___ Raw data

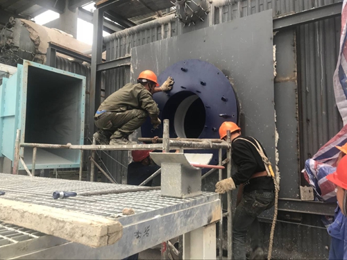 鍋爐設(shè)備到達(dá)現(xiàn)場時(shí),項(xiàng)目經(jīng)理吳玉燕緊急處理場地平整事宜,當(dāng)天下午開始設(shè)備就位:
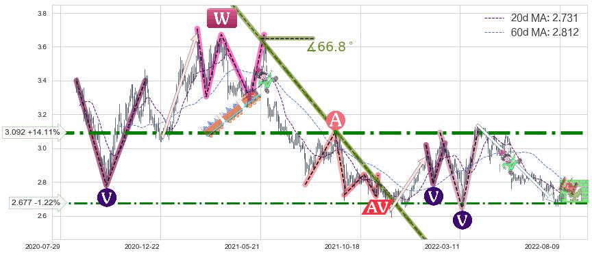 ♘ 阻力价格位3.092,可信任强度94.35%,距离最后交易2022-08-12形成的收盘价格2.710相差 +14.11%
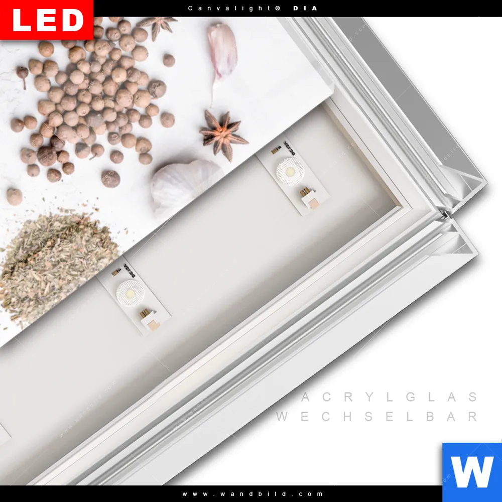 Canvalight® DIA Leuchtbild | Gewürze auf hellem Untergrund | Schmal
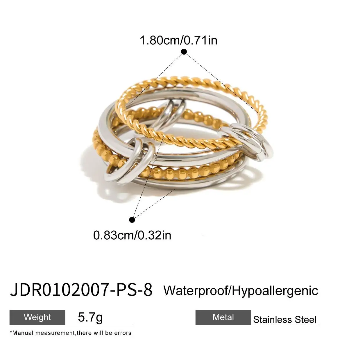 Product Name: 18K Gold Plated Multi-Ring Stackable Stainless Steel Rings Trendy Solid & Two-Tone Colors
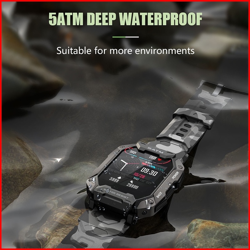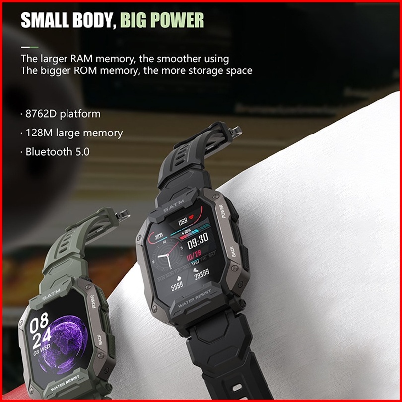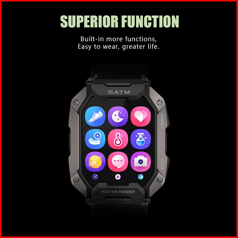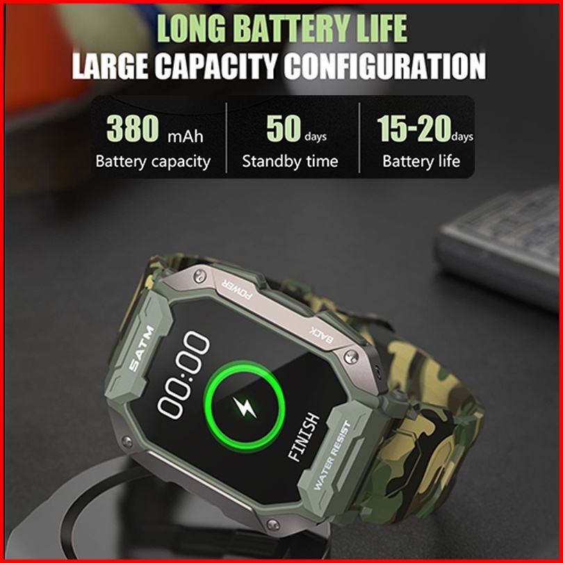 Searchai Jam Tangan 5atm Jam Pintar Pria C20 Outdoor Men S Watch 1.71 Inch Hd Large Screen Bluetooth Deep Waterproof 380
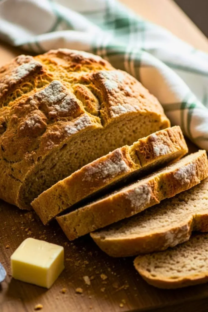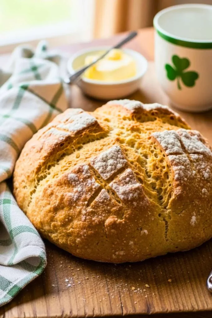 This traditional Irish soda bread has a golden crust, soft interior, and a mild, slightly tangy taste from the buttermilk.

______

◆ Your instructions: The whole listing above, minus its pictures, is what you should write out word for word.

◆ Exercise result:
 鍋爐設(shè)備到達(dá)現(xiàn)場時(shí),項(xiàng)目經(jīng)理吳玉燕緊急處理場地平整事宜,當(dāng)天下午開始設(shè)備就位:
 ♘ 阻力价格位3.092,可信任强度94.35%,距离最后交易2022-08-12形成的收盘价格2.710相差 +14.11%
 Canvalight® DIA Leuchtbild | Gewürze auf hellem Untergrund | Schmal
 Product Name: 18K Gold Plated Multi-Ring Stackable Stainless Steel Rings Trendy Solid & Two-Tone Colors
 Searchai Jam Tangan 5atm Jam Pintar Pria C20 Outdoor Men S Watch 1.71 Inch Hd Large Screen Bluetooth Deep Waterproof 380
 This traditional Irish soda bread has a golden crust, soft interior, and a mild, slightly tangy taste from the buttermilk.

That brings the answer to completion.